Em 2001, Navarro ganhou um edital do governo da Bahia para realizar “Eu me lembro”, baseado nas memórias afetivas de sua infância e adolescência em Salvador. Como o dinheiro não era o suficiente, ele teve que esperar por uma verba adicional do BNDES. No ano passado, o cineasta concluiu a obra e ganhou sete prêmios no Festival de Brasília, incluindo o de melhor filme. Nesta sexta-feira, o filme estréia em São Paulo; na semana que vem, será apresentado no Festival do Rio. Entre a realização de “SuperOutro” e o lançamento de “Eu me lembro”, passaram-se 17 anos. O diretor baiano finalmente tornou-se um estreante em longas-metragens.

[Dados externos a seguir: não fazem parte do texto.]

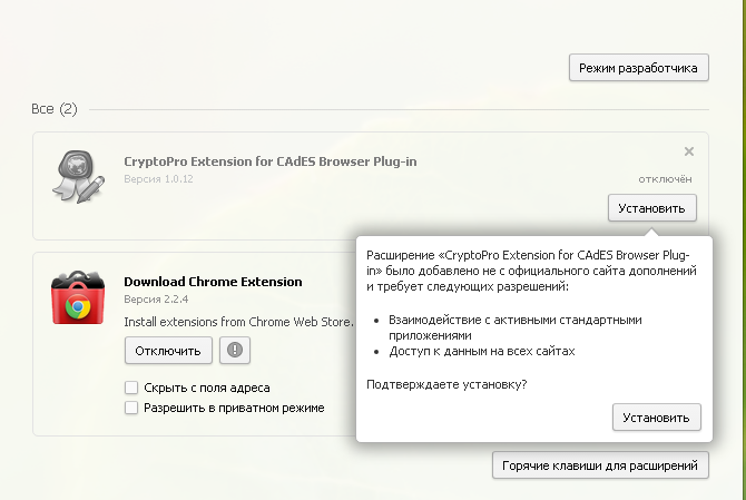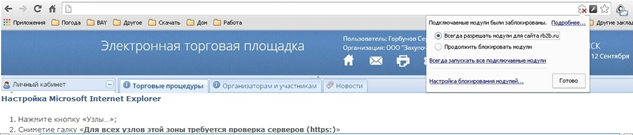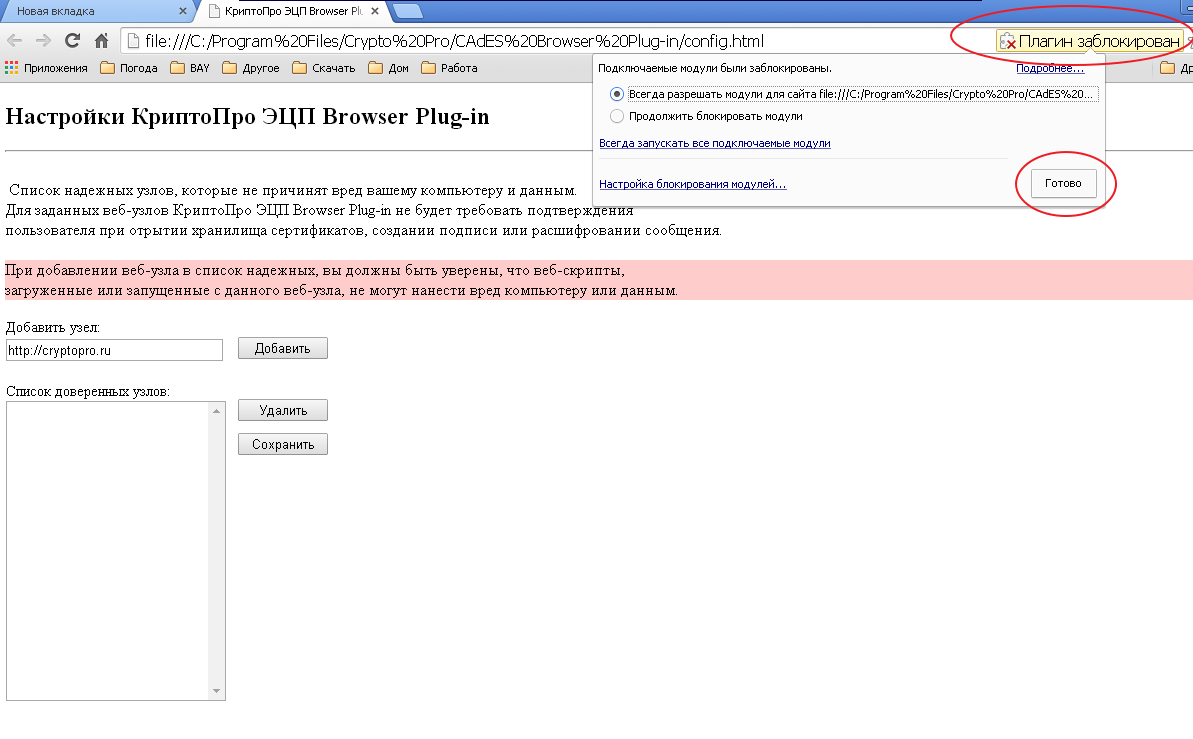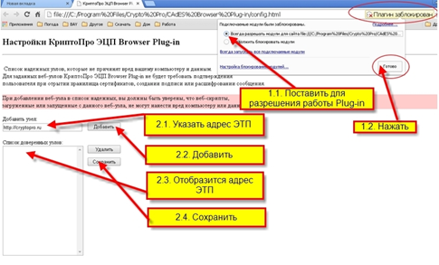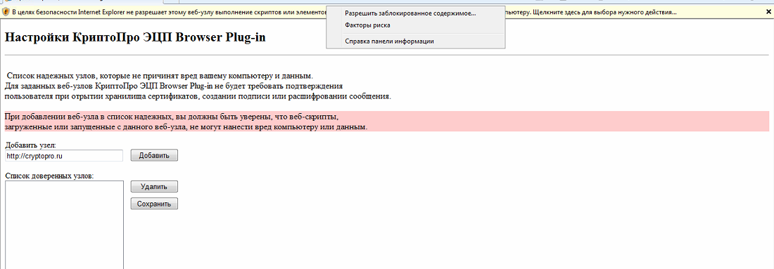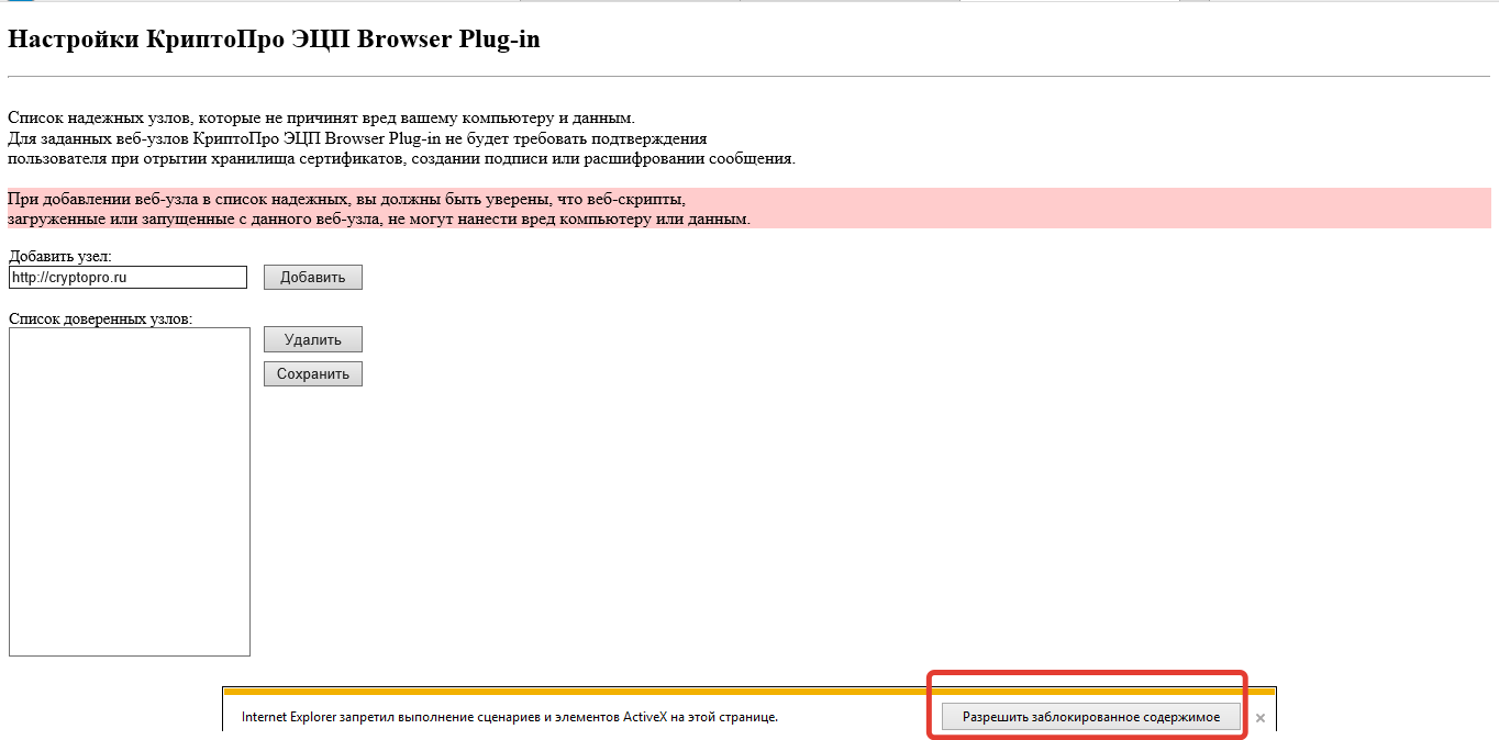 Обратите внимание ! при первом запуске страницы в браузере используемый на странице Plug-in блокируется , для работы страницы необходимо разрешить работу Plug-in После разрешения работы Plug-in , в поле Добавить узел пишется адрес площадки , нажать кнопку Добавить, адрес должен появится в списке доверенных узлов. и нажать кнопку Сохранить изменения.

Aos 56 anos de idade.

Em um país com uma cultura cinematográfica sólida e saudável, Edgard Navarro seria uma exceção. No Brasil, ele é o símbolo de um grupo de grandes diretores que teve sua carreira interrompida ou entrecortada por uma série de problemas conjunturais e estruturais do nosso cinema. Um digno representante da vocação brasileira para o desperdício de talento.

Há inúmeros casos similares. Em 1971,ASndrea Tonacci realizou “Bang bang”, considerado um clássico do cinema marginal. No ano que vem, ele lançará “Serras da desordem”, brilhante filme que ganhou o Festival de Gramado há dois meses. Entre o primeiro e o segundo longa-metragem, foram 36 anos. Maurice Capovilla fez “O jogo da vida” em 1977; o longa seguinte, “Harmada”, veio em 2003. Ou seja, um intervalo de 26 anos. André Luiz Oliveira ficou 19 anos sem longas entre “A lenda do Ubirajara” (1975) e “Louco por cinema” (1994).

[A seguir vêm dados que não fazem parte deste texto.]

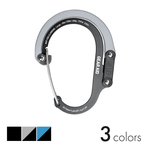 定番人気のミディアムサイズ。汎用性が高く、さまざまなシーンで便利に使えます。カラビナとしての使用はもちろん、開けば360度回転するフックが現れS字フックや回転フック、バッグハンガーに早変わり。フックの先端はグリップ性の高い素材を使用しているので、荷物を掛けやすいのもポイント。材質は航空機グレードのアルミニウム合金製で耐久性も抜群です。

José Mojica Marins, que faz sucesso nos Estados Unidos com o personagem Zé do Caixão, luta há anos para fazer um novo filme. Ozualdo Candeias, diretor de clássicos como “A Margem”, já nem cogita a hipótese. Morto há dois anos, Rogério Sganzerla, talvez o único gênio do cinema nacional surgido depois de Glauber Rocha, ficou décadas sem conseguir fazer um longa de ficção.

Para Tonacci, cineastas como Sganzerla literalmente adoeceram por não conseguir filmar. Outros se viraram como podiam. Capovilla fez telefilmes e trabalhou como professor de cinema; Navarro montou peças de teatro; Tonacci fez institucionais.

Construir uma obra contínua é um desafio para a maioria dos cineastas brasileiros. Mas a questão é ainda mais complexa para alguém que recebeu, em algum momento, o rótulo de cineasta marginal ou maldito – caso de todos os citados acima.

Com a exceção de Navarro, que pertence a uma geração mais jovem e desenvolveu sua carreira na Bahia, a grande maioria desses cineastas realizou filmes entre os anos 60 e 70 na chamada Boca do Lixo de São Paulo, que foi o epicentro tanto da pornochanchada quanto do chamado cinema marginal ou “udigrudi”.

Dessa turma, só dois conseguiram realizar filmes com regularidade nos últimos anos: Carlos Reichenbach e Julio Bressane. Segundo este último, o rótulo “marginal” não faz o mínimo sentido. Ele seria apenas uma forma que o cinema oficial encontrou para segregar um cinema mais livre e independente. Com ou sem sentido, o apelido pegou – e a maioria dos cineastas associados a ele permaneceram à margem da imagem.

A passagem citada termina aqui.